Gold rises for fourth day with elevated safe-haven demand
Friday, 22 November 2024
LONDON, Nov 21 (Reuters): Spot gold price rose for the fourth consecutive day on Thursday, with safe-haven demand for the precious metal supported by global stocks under pressure after AI bellwether Nvidia's revenue growth forecast failed to excite investors.
Spot gold was up 0.7 per cent at $2,669.30 per ounce by 1040 GMT.
"This is a risk-off move. But the safe-haven pressure is coming more from falling stocks after Nvidia disappointed the Street than from Ukraine's fight against Russia," said Adrian Ash, head of research at online marketplace BullionVault.
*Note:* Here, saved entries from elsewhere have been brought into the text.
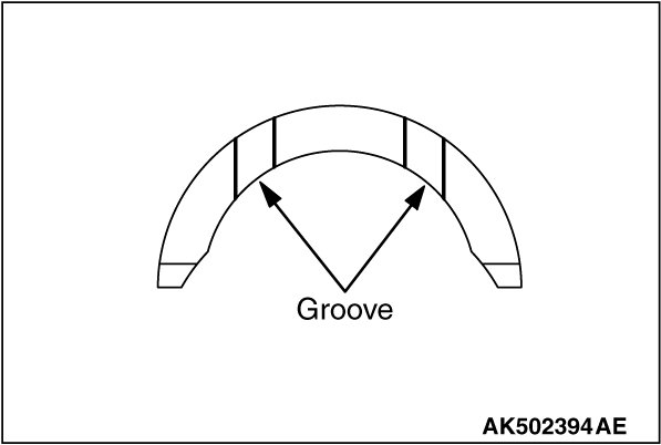 2. Install the thrust bearing so that the grooved side is on the crankshaft weight side.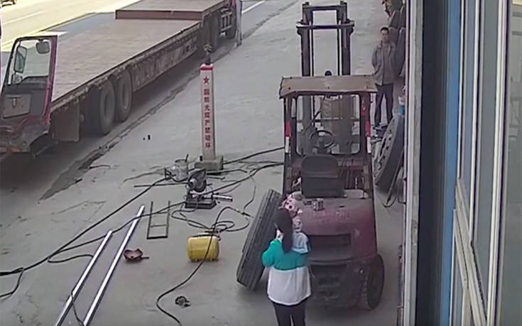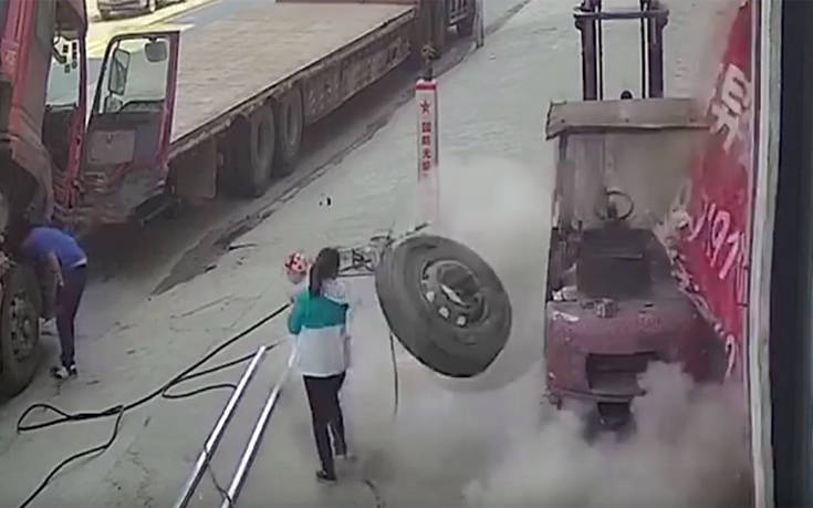 Το περιστατικό συνέβη σε γκαράζ αυτοκινήτων σε επαρχία της κεντρικής Κίνας. Η γυναίκα στεκόταν δίπλα στο λάστιχο, κρατώντας αγκαλιά το μωρό της, όταν ξαφνικά το λάστιχο εξερράγη, με αποτέλεσμα το μωρό να πεταχτεί μέτρα μακριά και εκείνη να πέσει στο έδαφος.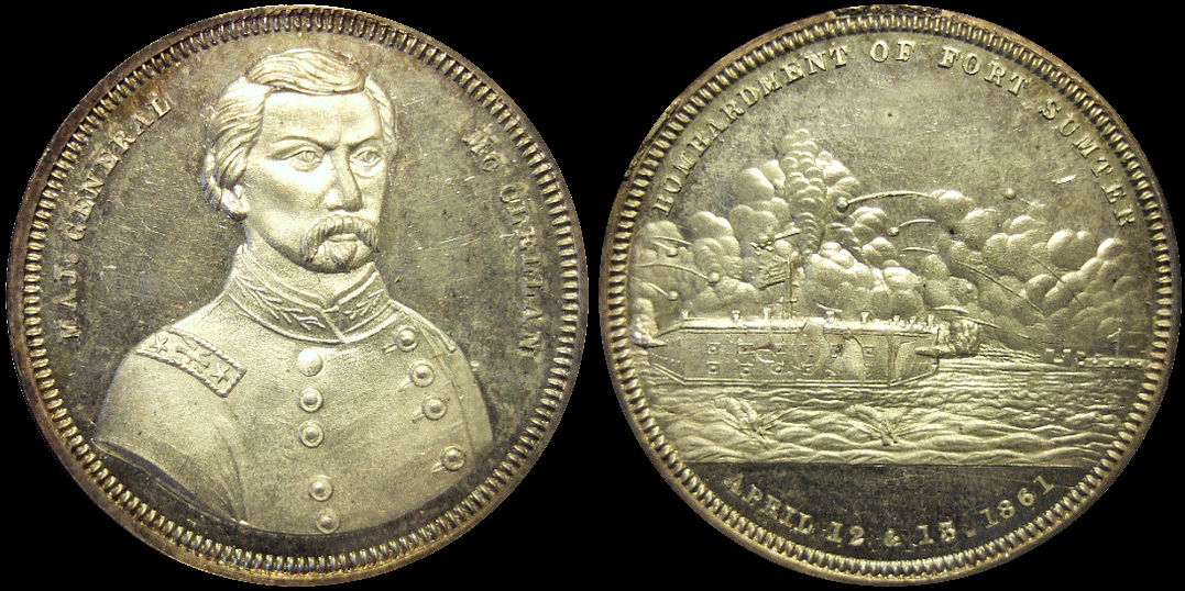 271) "Pennsylvania Volunteers", "Gettysburg July 3, 1863", "In Commemoration Of The Return Of The State Flags....", I have found this piece described as white metal, brass, and bronze. Very Rare in each metal. Brass, 38.8mm. Look through BATTLE of GETTYSBURG items on ebay |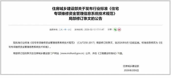 2026年2月13日,住房城乡建设部正式发布《关于发布行业标准〈住宅专项维修资金管理信息系统技术规范〉局部修订条文的公告》。

Signs of rising geopolitical risks, which usually support demand for gold, increased after Ukraine fired a series of British Storm Shadow cruise missiles into Russia on Wednesday, just a day after firing US missiles.
However, the strength of these risks is limited as Russia's invasion of Ukraine has been going on for more than 1,000 days, even though Russian President Vladimir Putin on Tuesday lowered the threshold for a nuclear strike in response to a broader range of conventional attacks.
"If gold prices jumped every time Putin rattled his nuclear arsenal at the West, we would have crossed $10,000 (per ounce) long ago, never mind the $3,000 level now forecast for 2025 by some Wall Street pundits," Ash said.
Spot gold prices hit a record high of $2,790.15 per troy ounce on Oct. 31 and then fell to a two-month low of $2,536.71 by mid-November, reacting to the Republicans' clean sweep in the U.S. Nov. 5 election.
On the technical front, the spot gold price broke above the 50-day moving average at $2,660.9 on Thursday and now faces resistance from the 21-day moving average at $2,679.8.
Spot silver gained 0.6 per cent to $31.05 per ounce, platinum fell 0.3 per cent to $958.65 and palladium advanced 0.2 per cent to $1,023.08.